An agent is a particular type of Entity. This means that the model can be used to express provenance of the agents themselves.

Software for checking the use of grammar in a document may be defined as an agent of a document preparation activity, and at the same time one can describe its provenance, including for instance the vendor and the version history.

There are some useful types of entities and agents that are commonly encountered in applications making data and documents available on the Web; we introduce them in the rest of this section.

A plan is an entity that represents a set of actions or steps intended by one or more agents to achieve some goals. There exist no prescriptive requirement on the nature of plans, their representation, the actions or steps they consist of, or their intended goals. Since plans may evolve over time, it may become necessary to track their provenance, so plans themselves are entities. Representing the plan explicitly in the provenance can be useful for various tasks: for example, to validate the execution as represented in the provenance record, to manage expectation failures, or to provide explanations.

A plan can be a blog post tutorial for how to set up a web server, a list of instructions for a micro-processor execution, a cook's written recipe for a chocolate cake, or a workflow for a scientific experiment.

Three types of agents are recognized because they are commonly encountered in applications making data and documents available on the Web: persons, software agents, and organizations.

A Web site and service selling books on the Web and the company hosting them are software agents and organizations, respectively.

A collection is an entity that provides a structure to some constituents, which are themselves entities. These constituents are said to be member of the collections. This concept allows for the provenance of the collection, but also of its constituents to be expressed. Such a notion of collection corresponds to a wide variety of concrete data structures, such as a maps, dictionaries, or associative arrays.

An example of collection is an archive of documents. Each document has its own provenance, but the archive itself also has some provenance: who maintained it, which documents it contained at which point in time, how it was assembled, etc.

An account is an entity that contains a bundle of provenance descriptions. Making an account an entity allows for provenance of provenance to be expressed.

For users to decide whether they can place their trust in a resource, they may want to analyze the resource's provenance, but also determine who its provenance is attributed to, and when it was generated. In other words, users need to be able to determine the provenance of provenance. Hence, provenance is also regarded as an entity (of type Account), by which provenance of provenance can then be expressed.

2.4 Attribution, Association, and Responsibility

Agents can be related to entities, activities, and other agents.

Attribution is the ascribing of an entity to an agent.

A blog post can be attributed to an author, a mobile phone to its manufacturer.

Agents are defined as having some kind of responsibility for activities. However, one may want to be more specific about the nature of an agent's responsibility. For example, a programmer and a researcher could both be associated with running a workflow, but it may not matter which programmer clicked the button to start the workflow while it would matter a lot which researcher told the programmer to do so.

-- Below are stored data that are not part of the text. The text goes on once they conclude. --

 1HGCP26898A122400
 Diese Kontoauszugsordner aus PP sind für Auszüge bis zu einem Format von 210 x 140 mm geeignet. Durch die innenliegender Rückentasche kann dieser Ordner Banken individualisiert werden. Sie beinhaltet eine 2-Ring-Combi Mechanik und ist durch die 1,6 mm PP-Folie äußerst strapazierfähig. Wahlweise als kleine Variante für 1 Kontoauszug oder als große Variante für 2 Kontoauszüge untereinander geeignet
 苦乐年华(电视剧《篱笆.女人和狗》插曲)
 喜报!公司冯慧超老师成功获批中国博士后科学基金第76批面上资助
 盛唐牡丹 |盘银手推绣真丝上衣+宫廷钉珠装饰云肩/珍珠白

Furthermore, provenance reflects activities that have occurred. In some cases, those activities reflect the execution of a plan that was designed in advance to guide the execution. A plan may be associated to an activity, which represents what was intended to happen.

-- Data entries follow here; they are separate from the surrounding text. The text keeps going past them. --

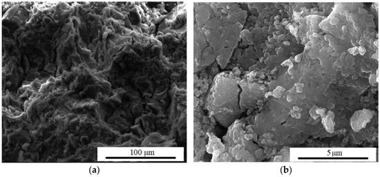 Figure 10 shows the SEM analysis of F1 and F120s samples after immersion in SBF. The obvious decrease in pore size suggests that the HAp layer managed to grow inside them, thus mineralizing the surface. In Figure 10b,d, it can be seen how the samples’ surface tends to become more compact, which may be explained by the development of HAp aggregates. This can be seen both at magnifications of ×1000 (100 µm) and when the magnifications are increased to ×20,000 (5 µm).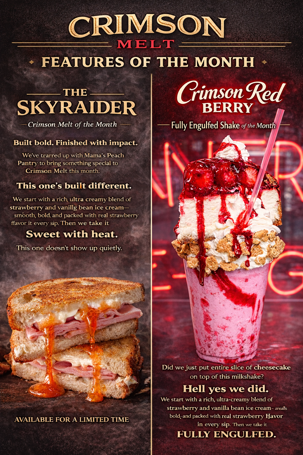 This month at Crimson Melt, we’re bringing bold flavor and over-the-top indulgence with two can’t-miss features. The Skyraider delivers a rich, smoky bite with layers of ham, four cheeses, and a sweet heat finish from habanero peach jam in partnership with Mama’s Peach Pantry. On the sweet side, the Crimson Red Berry Fully Engulfed Shake takes things to another level — blending strawberry and vanilla bean ice cream, loaded with a Golden Oreo rim, fresh strawberries, whipped cream, and topped with a full slice of our housemade “Fields of Strawberry” cheesecake. Two builds, one mission — go all in.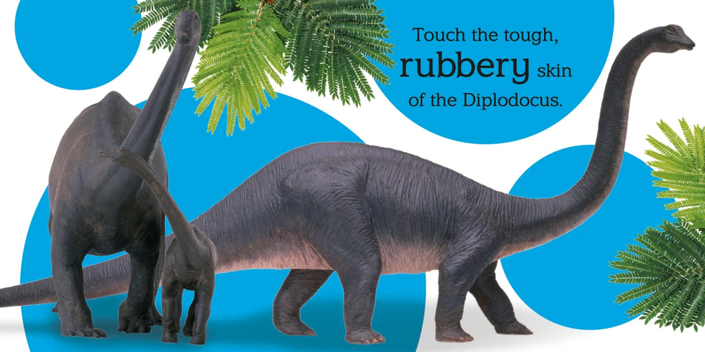Touch the bumpy scales, smooth horns, and sticky tongues of dinosaurs in this classic DK board book filled with clear photography, simple text, and fun textures for young readers to explore.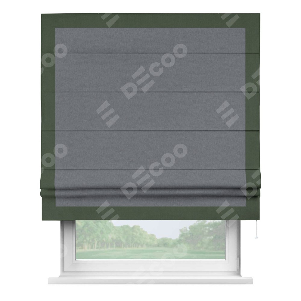 Римская штора «Кортин» с кантом Чесс, для проема, лён блэкаут тёмно-серый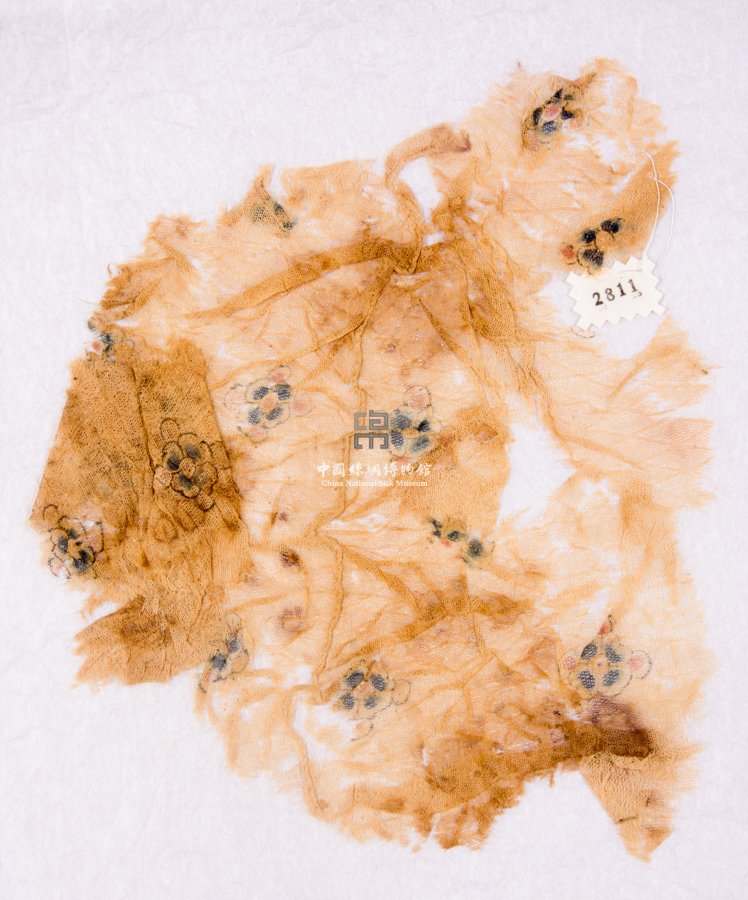形状内容描述 此件为彩绘织物,以素罗为绘地,其上以蓝、红等各色颜料画出小型花卉纹样。花卉由两重四瓣花构成,并可见以墨笔描绘的轮廓。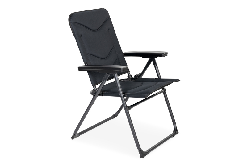 Der Klappstuhl FERRARA ist mit seinem Packmaß perfekt für Mini-Camper und Campingbusse mit geringem Stauraum, bietet aber dank seiner bequemen Polsterung und der verstellbaren Rückenlehne hohen Komfort.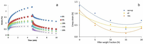 where r is the reinforcement efficiency factor; and are the elastic moduli of the composite and matrix, respectively. Platnieks et al. have studied the elastic properties of PBS/NFC composites processed by melt blending and solution casting [142]. By comparing r factors, the authors demonstrated the superior effectiveness of the former processing method. Hydrothermal ageing effects on the stiffness reduction of epoxy/graphene oxide nanocomposites appeared in the decrease of the reinforcement efficiency and r drop from 1.6 to 0.14 were highlighted in [141].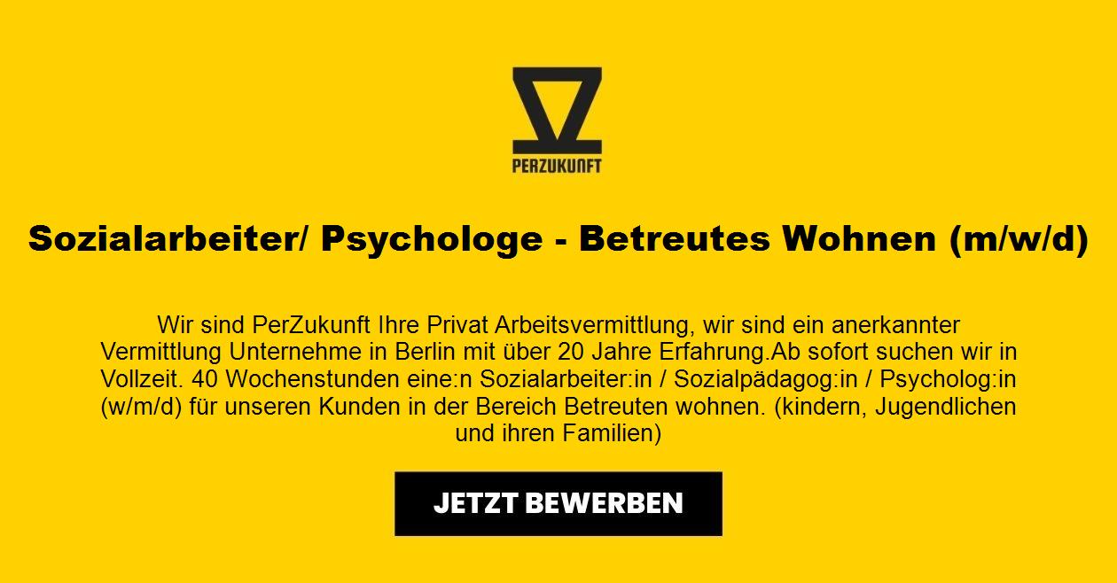 PerZukunft Ihre Privat Arbeitsvermittlung, wir sind ein anerkannter Vermittlung Unternehme in Berlin mit über 20 Jahre Erfahrung. Ab sofort suchen wir in Vollzeit. 40 Wochenstunden Sozialarbeiter*in / Sozialpädagoge*in / Psychologe*in für unseren Kunden in der Bereich Betreuten wohnen. (kindern, Jugendlichen und ihren Familien)
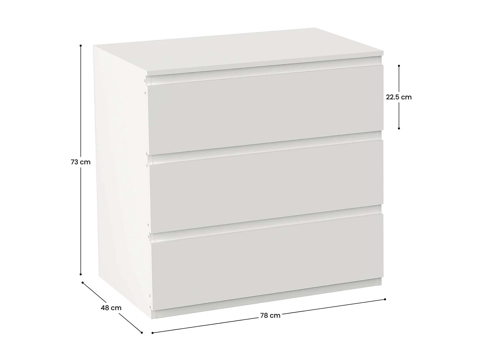 Commode 3 tiroirs coulissants dim. 80L x 39l x 73H cm blanc

An activity association is an assignment of responsibility to an agent for an activity, indicating that the agent had a role in the activity. It further allows for a plan to be specified, which is the plan intended by the agent to achieve some goals in the context of this activity.

Examples of association between an activity and an agent are:

  • creation of a web page under the guidance of a designer;
  • various forms of participation in a panel discussion, including audience member, panelist, or panel chair;
  • a public event, sponsored by a company, and hosted by a museum;
  • an XSLT transform launched by a user based on an XSL style sheet (a plan).

Responsibility is the fact that an agent is accountable for the actions of a "subordinate" agent, in the context of an activity. The nature of this relation is intended to be broad, including delegation or contractual relation.

A student publishing a web page describing an academic department could result in both the student and the department being agents associated with the activity, and it may not matter which student published a web page but it matters a lot that the department told the student to put up the web page.

2.5 Simplified Overview Diagram

So far, we have introduced a series of concepts underpinning provenance. PROV-DM is a conceptual data model consisting of types and relations between these. Table (Mapping of Provenance concepts to types and relations in PROV-DM) shows how provenance concepts can be mapped to types and relations in PROV-DM: the first column lists concepts introduced in this section, the second column indicates whether a concept maps to a type or a relation, whereas the third column contains the corresponding name. We note that names of relations have a verbal form in the past tense to express what happened in the past, as opposed to what may or will happen.

Mapping of Provenance concepts to types and relations in PROV-DM
Provenance ConceptsPROV-DM types or relations
EntityTypes in PROV-DMentity
Activityactivity
Agentagent
GenerationRelations in PROV-DMwasGeneratedBy
Usageused
AttributionwasAttributedTo
AssociationwasAssociatedWith
ResponsibilityactedOnBehalfOf
DerivationwasDerivedFrom

Figure overview-types-and-relations illustrates the three types (entity, activity, and agent) and how they relate to each other. At this stage, all relations are shown to be binary. When examining PROV-DM in details, some relations, while involving two primary elements, are shown to be n-ary.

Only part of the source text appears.